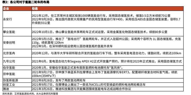 目前氫能二輪車布局主要來自于二輪車企業(yè)向氫能業(yè)務(wù)擴展。如永安行2B端推出Y200,2C端針對歐洲市場推出Y400。雅迪科技集團與天能集團圍繞氫能達成合作協(xié)議。
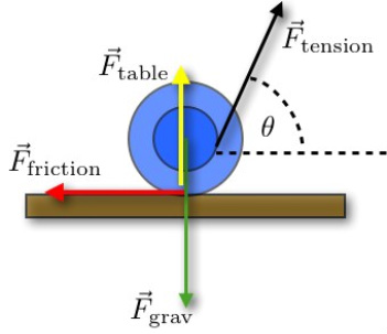 Step 2: However, the tension force \( \mathrm{T} \) on the wheel causes a net horizontal acceleration of its center of mass, so \( \mathrm{\sum \vec{F} \neq 0} \). Therefore, it is not in translational equilibrium.
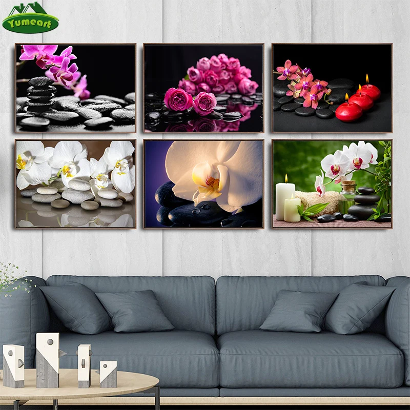 Цветы фаленопсиса постеры и принты Орхидея и дзен камень настенная живопись холст картины комната Yoka Декор для гостиной
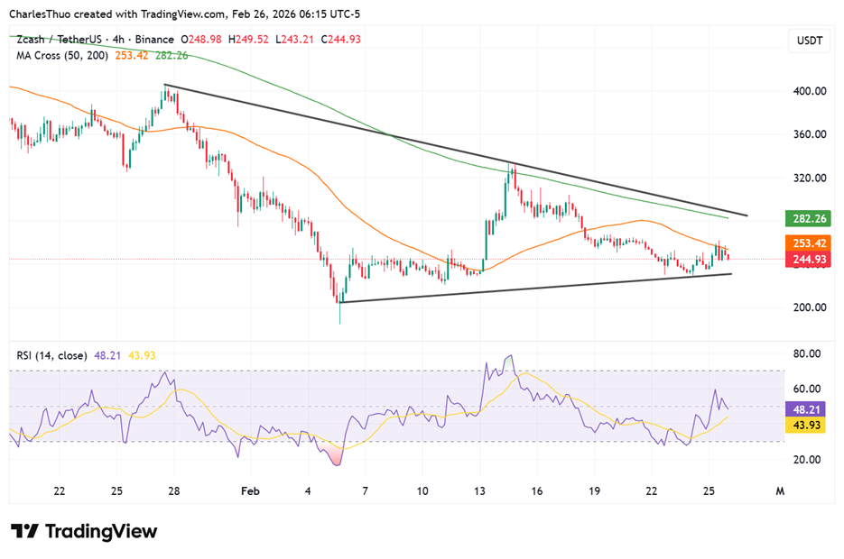 On the charts, ZEC is trading within a descending triangle on the 4-hour timeframe, and it recently broke a key trendline below, signalling some bearish momentum in the near term.
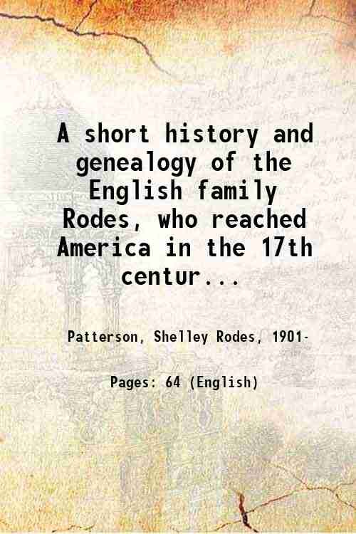 A short history and genealogy of the English family Rodes, who reached America in the 17th century and first settled in New Kent County, Virginia, by Shelley Rodes Patterson. 1929
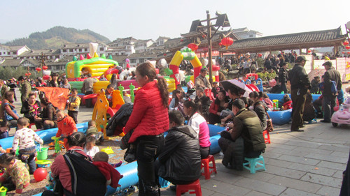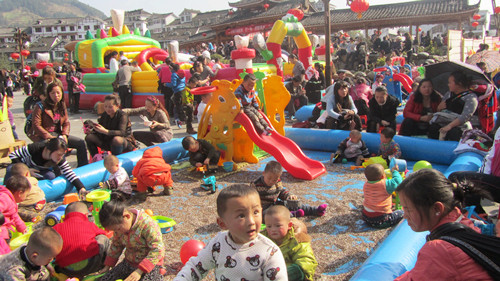 正月初六——元宵節(jié),雷山舉辦猜燈謎活動、斗牛斗狗斗豬比賽、民間龍燈盛會、蘆笙舞、苗族情歌飛歌對唱等民俗活動。深受廣大群眾喜愛,群眾參與性高,吸引許多外來游客,帶動等其他產(chǎn)業(yè)發(fā)展,兒童娛樂場成了熱門,吸引上1000名孩子光顧。(圖為:雷山縣木鼓廣場兒童娛樂場熱鬧場景)
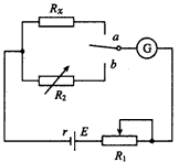 参考答案:(1)第一步:将开关打到a位置闭合,适当调节滑动变阻器R1,使电流表指针指到某一位置;第二步:将开关打到b位置闭合,调节变阻箱R2,使电流表指针指到原来位置,读出此时变阻箱R2接入电路的电 阻值R,即为待测电阻阻值
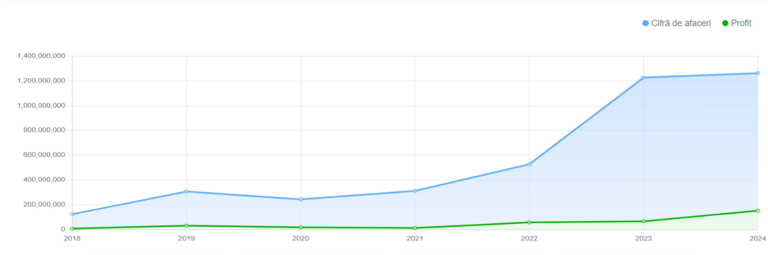 Conform termene, ro, cifra de afaceri CONCELEX SRL a fost de 1,262,917,555.00 lei în anul 2024, cu un profit de 152,064,557.00 lei.
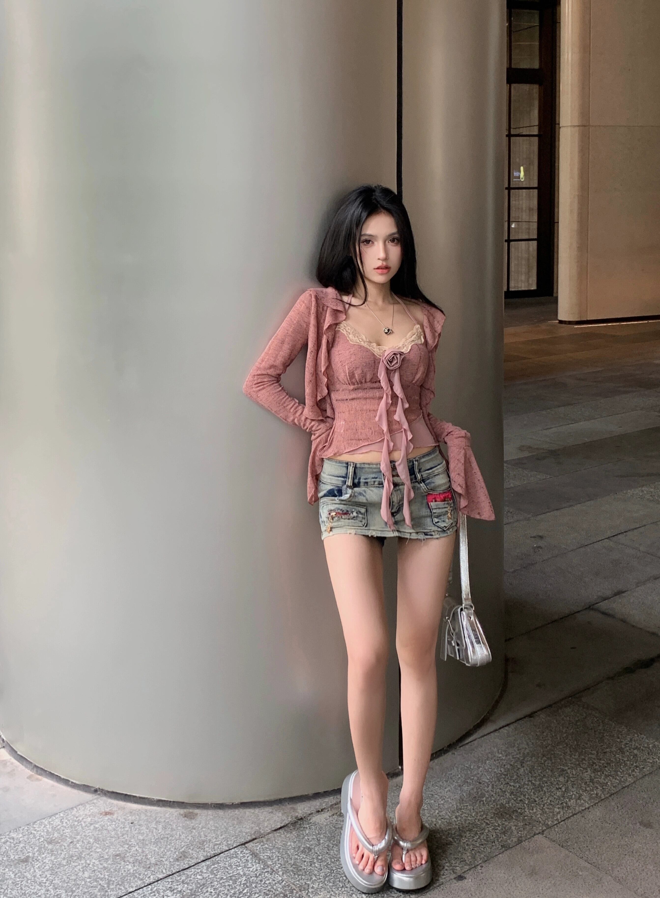 色:ピンクのサスペンダー,コーヒー色のスリング,ピンクのカーディガン,コーヒー色のカーディガン

▸ Exercise objective
The exact lines from the beginning of the data through the one that contains "正月初六——元宵節(jié)" must be given again, both ends included, and pictures must be left out.

▸ Response to the task
 目前氫能二輪車布局主要來自于二輪車企業(yè)向氫能業(yè)務(wù)擴展。如永安行2B端推出Y200,2C端針對歐洲市場推出Y400。雅迪科技集團與天能集團圍繞氫能達成合作協(xié)議。
 Step 2: However, the tension force \( \mathrm{T} \) on the wheel causes a net horizontal acceleration of its center of mass, so \( \mathrm{\sum \vec{F} \neq 0} \). Therefore, it is not in translational equilibrium.
 Цветы фаленопсиса постеры и принты Орхидея и дзен камень настенная живопись холст картины комната Yoka Декор для гостиной
 On the charts, ZEC is trading within a descending triangle on the 4-hour timeframe, and it recently broke a key trendline below, signalling some bearish momentum in the near term.
 A short history and genealogy of the English family Rodes, who reached America in the 17th century and first settled in New Kent County, Virginia, by Shelley Rodes Patterson. 1929
 正月初六——元宵節(jié),雷山舉辦猜燈謎活動、斗牛斗狗斗豬比賽、民間龍燈盛會、蘆笙舞、苗族情歌飛歌對唱等民俗活動。深受廣大群眾喜愛,群眾參與性高,吸引許多外來游客,帶動等其他產(chǎn)業(yè)發(fā)展,兒童娛樂場成了熱門,吸引上1000名孩子光顧。(圖為:雷山縣木鼓廣場兒童娛樂場熱鬧場景)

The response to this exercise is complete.